Cross Collateralization example

A

Here’s what’s happening. Say Donny Debtor borrows $10,000 from First Bank to purchase Inventory item #1, giving First Bank a security interest in Inventory item #1. This is a PMSI. Let’s say that, at the time, the parties include a clause—let’s call it a “cross-collateralization clause”—that says, basically, that all other inventory Donny owns or may own will also secure the $10,000 Inventory Item loan #1 amount (this is allowed—we’ll discuss it in more detail later). Later, Donny borrows $15,000 from First Bank to purchase Inventory Item #2, giving First Bank a security interest in Inventory item #2. This is also a PMSI. So, the $10,000 secured by Item #1 is PMSI, and the $15,000 secured by Item #2 is PMSI.

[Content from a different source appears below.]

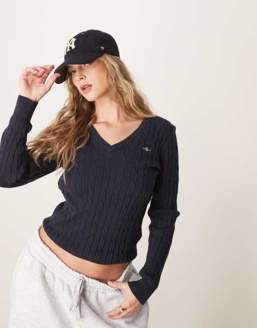 GANT – Zopfstrick-Pullover aus Baumwolle in Marineblau mit V-Ausschnitt und Logo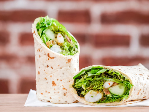 以羅勒醬為大蝦提味,配上青瓜、蕃茄及什生菜,一卷盡嚐意式風情!

- Now, say that Donny sells Item #1, so he no longer has it anymore. And, further, say that Donny pays off the $15,000 Item #2 loan amount. What’s left is that Donny still has Item #2, and he still owes on the $10,000 loan for Item #1. Item #2 is still collateral for the $10,000 Item #1 loan, because of the cross-collateralization clause. Under 9–103(b)(1), the remaining security interest in Item #2 securing the $10,000 would not be PMSI because the $10,000 debt wasn’t incurred “with respect to” Item #2. But, under the clause of 9–103(b)(2), this remaining, mismatched loan and collateral are considered to be PMSI, since they were each originally part of a PMSI transaction, the items in question are inventory, and a cross-collateralization clause was included. This is an important benefit granted to inventory PMSI financings, since the nature of inventory is that it is bought and sold all the time, and so the actual inventory held by a debtor is constantly changing.